# PROBLEM DESCRIPTION:
Output each line of the data below exactly, omitting any image.

Saved data entries
○ ○ ○ ○ ○
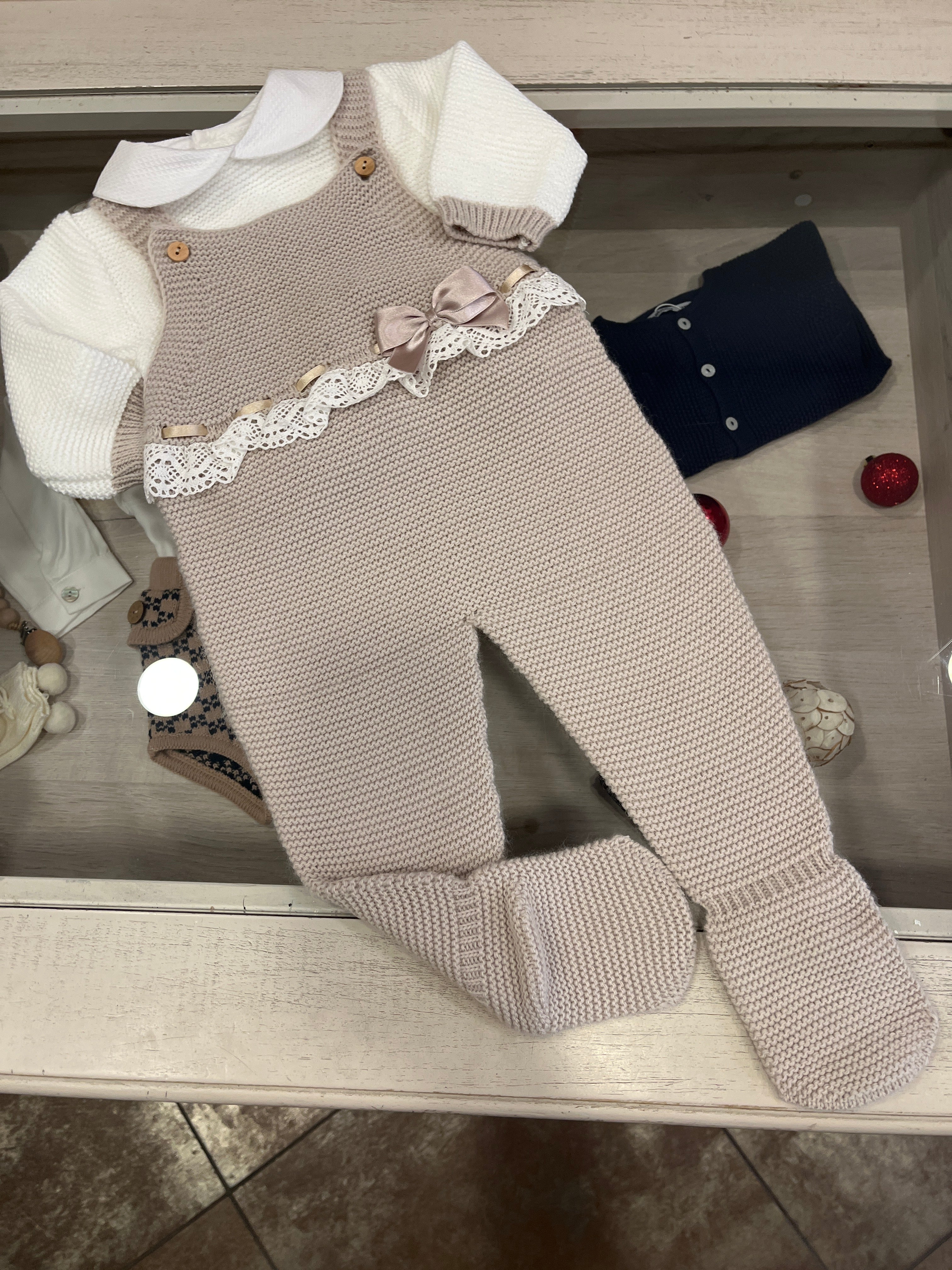 Questo completo neonato in due pezzi include una tutina intera con piedini e un maglioncino raffinato con colletto in piquet, pensato per garantire comfort e stile. Perfetto come corredino, combina praticità e un design curato per accompagnare la tua bambina con morbidezza e eleganza fin dai primi giorni.
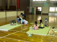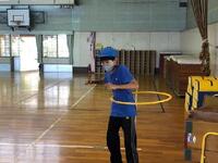 体育館では、カエル逆立ちとフラフープです。それぞれ、何秒続けられるかにチャレンジしていました。
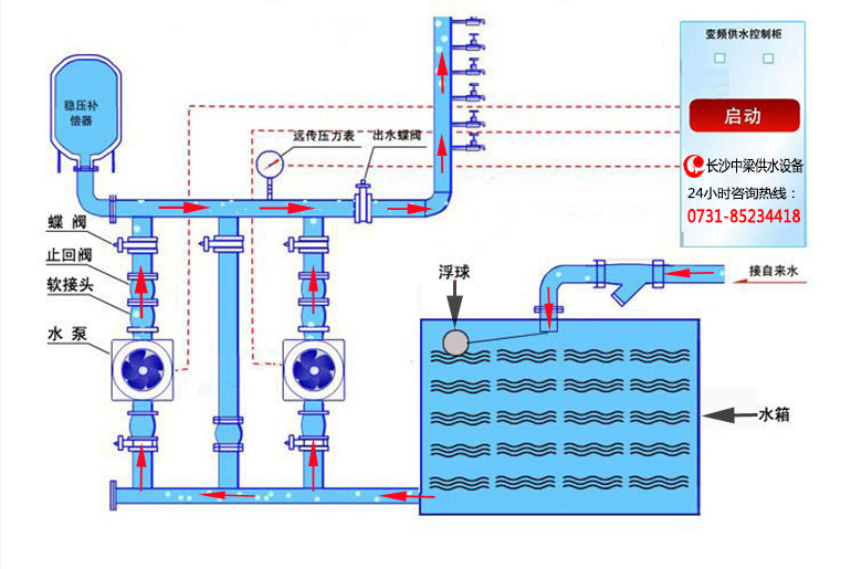 三、恒壓變頻供水系統(tǒng)工作示意圖:
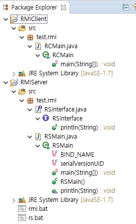 이렇게 임포트를 하면 아래 처럼 RMIClient 와 RMIServer 프로젝트 2개가 생성될 것이다.
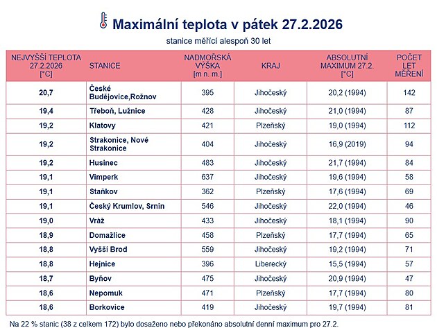 Nejtepleji dnes bylo v Karlovarském, Plzeňském a Jihočeském kraji, v pásu od jižních Čech k podhůří Krkonoš a Orlických hor a také ve Frýdlantském výběžku a výběžcích za Jeseníky na severu Slezska, vyplývá z mapy zveřejněné ČHMÚ. Dnešek často přepisoval rekordy z 27. února 1994, což je i případ Českých Budějovic. Tam dnešní teplota o půl stupně překonala dosavadní právě 32 let starý rekord.
○ ○ ○ ○ ○
# FINAL ANSWER:
 Questo completo neonato in due pezzi include una tutina intera con piedini e un maglioncino raffinato con colletto in piquet, pensato per garantire comfort e stile. Perfetto come corredino, combina praticità e un design curato per accompagnare la tua bambina con morbidezza e eleganza fin dai primi giorni.
 体育館では、カエル逆立ちとフラフープです。それぞれ、何秒続けられるかにチャレンジしていました。
 三、恒壓變頻供水系統(tǒng)工作示意圖:
 이렇게 임포트를 하면 아래 처럼 RMIClient 와 RMIServer 프로젝트 2개가 생성될 것이다.
 Nejtepleji dnes bylo v Karlovarském, Plzeňském a Jihočeském kraji, v pásu od jižních Čech k podhůří Krkonoš a Orlických hor a také ve Frýdlantském výběžku a výběžcích za Jeseníky na severu Slezska, vyplývá z mapy zveřejněné ČHMÚ. Dnešek často přepisoval rekordy z 27. února 1994, což je i případ Českých Budějovic. Tam dnešní teplota o půl stupně překonala dosavadní právě 32 let starý rekord.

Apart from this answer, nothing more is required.